SUPPLIED DATA →
◆ ◆ ◆

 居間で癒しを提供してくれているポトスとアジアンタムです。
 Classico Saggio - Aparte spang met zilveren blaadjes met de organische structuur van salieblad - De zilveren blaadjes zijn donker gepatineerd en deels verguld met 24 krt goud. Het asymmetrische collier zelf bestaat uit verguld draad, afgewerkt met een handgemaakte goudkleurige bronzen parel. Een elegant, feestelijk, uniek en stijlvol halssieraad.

◆ ◆ ◆

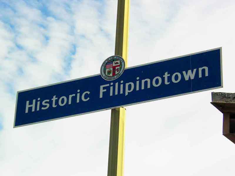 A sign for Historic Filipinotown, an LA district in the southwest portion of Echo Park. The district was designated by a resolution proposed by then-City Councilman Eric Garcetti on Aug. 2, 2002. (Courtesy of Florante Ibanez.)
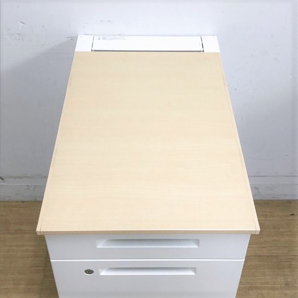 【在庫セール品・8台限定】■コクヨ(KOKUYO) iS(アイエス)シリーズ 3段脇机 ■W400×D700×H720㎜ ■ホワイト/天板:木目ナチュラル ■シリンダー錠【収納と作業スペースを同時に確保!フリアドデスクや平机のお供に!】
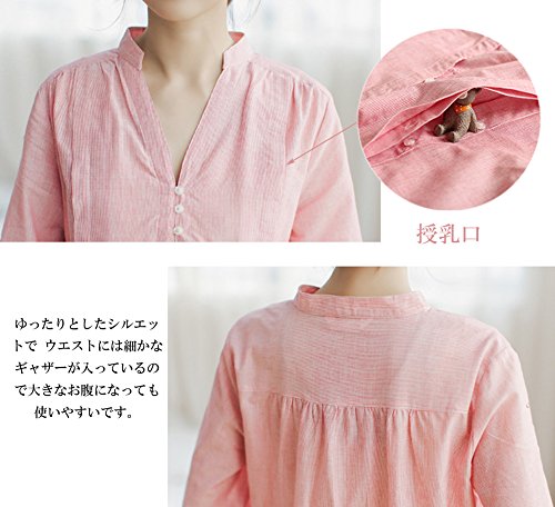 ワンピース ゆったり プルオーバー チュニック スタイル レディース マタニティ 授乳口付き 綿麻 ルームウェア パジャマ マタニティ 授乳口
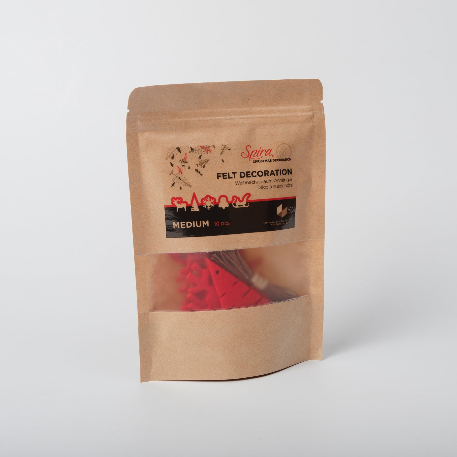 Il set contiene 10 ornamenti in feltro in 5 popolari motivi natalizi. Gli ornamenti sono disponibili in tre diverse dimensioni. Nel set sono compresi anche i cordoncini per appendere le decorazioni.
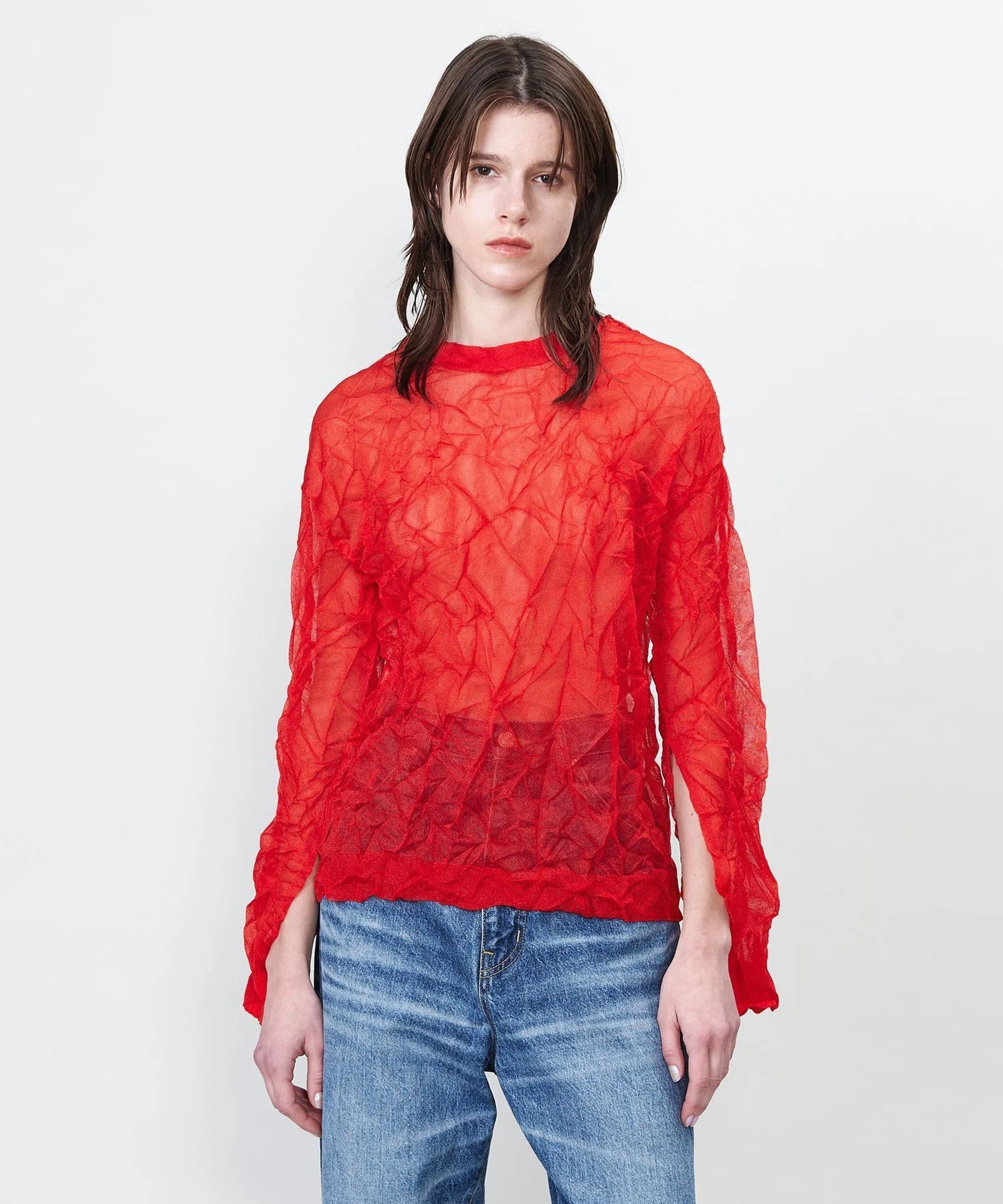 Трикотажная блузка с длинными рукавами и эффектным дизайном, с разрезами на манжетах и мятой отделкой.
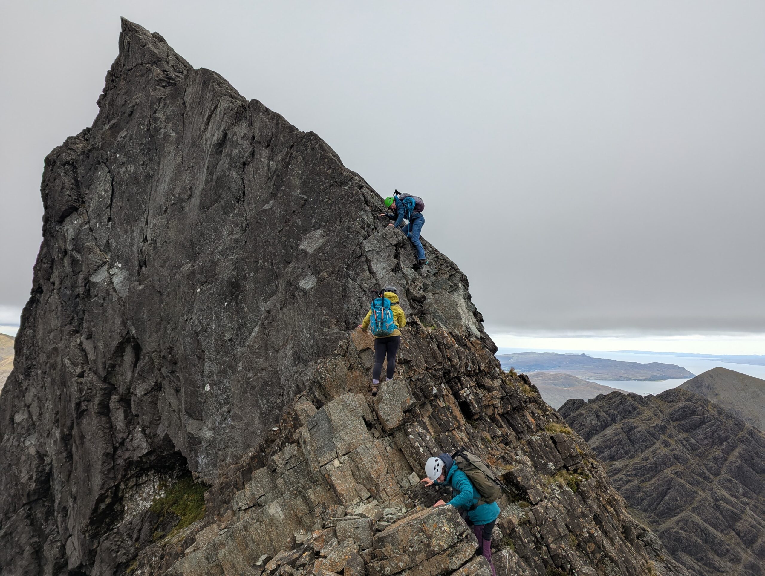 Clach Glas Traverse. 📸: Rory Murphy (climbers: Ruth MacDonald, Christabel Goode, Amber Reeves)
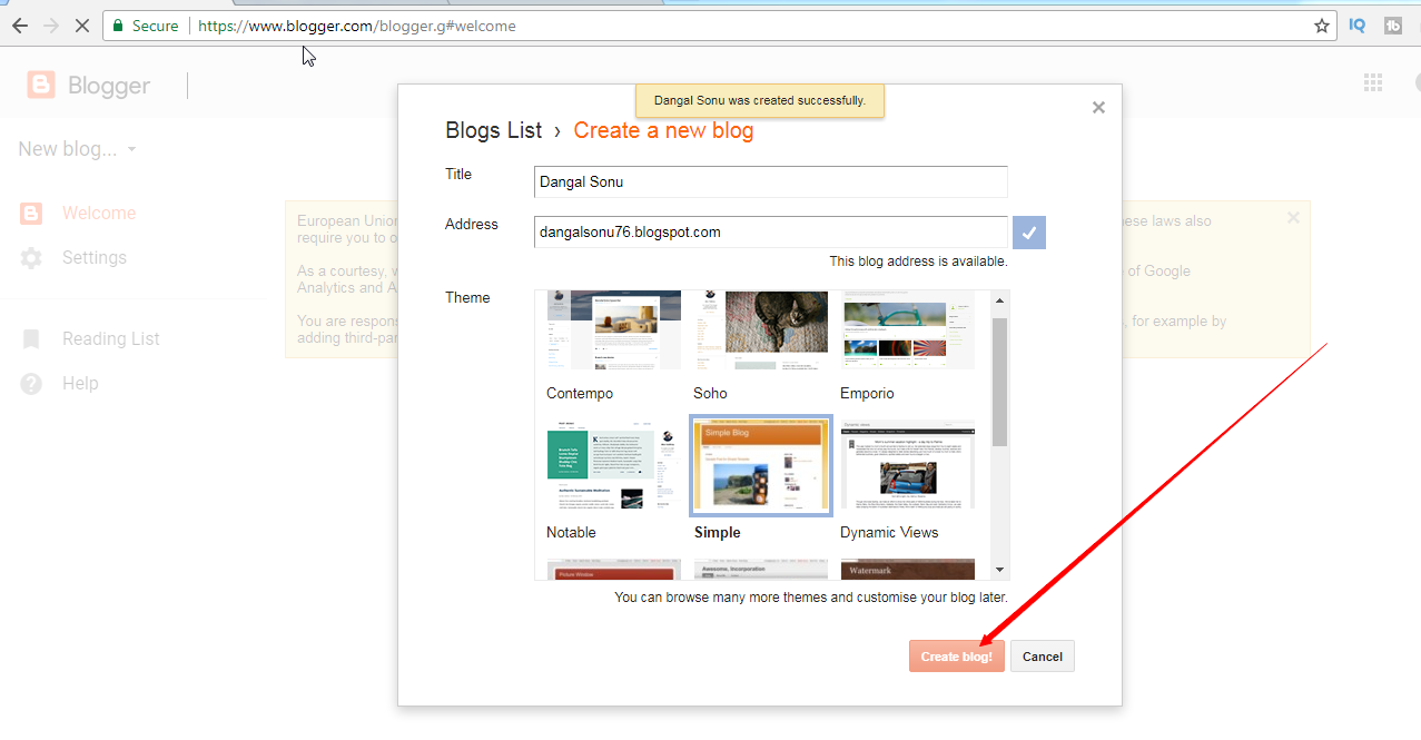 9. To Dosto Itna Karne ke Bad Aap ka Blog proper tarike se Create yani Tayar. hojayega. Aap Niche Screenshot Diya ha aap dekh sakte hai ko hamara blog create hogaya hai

◆ ◆ ◆

WHAT IS EXPECTED →
In the entries above, find the line holding "居間で癒しを提供してくれているポトスとアジアンタムです。" and the line holding "Classico Saggio - Aparte"; print both of them and every line between, exactly, and nothing else.

RESULT FOR THIS TASK →
 居間で癒しを提供してくれているポトスとアジアンタムです。
 Classico Saggio - Aparte spang met zilveren blaadjes met de organische structuur van salieblad - De zilveren blaadjes zijn donker gepatineerd en deels verguld met 24 krt goud. Het asymmetrische collier zelf bestaat uit verguld draad, afgewerkt met een handgemaakte goudkleurige bronzen parel. Een elegant, feestelijk, uniek en stijlvol halssieraad.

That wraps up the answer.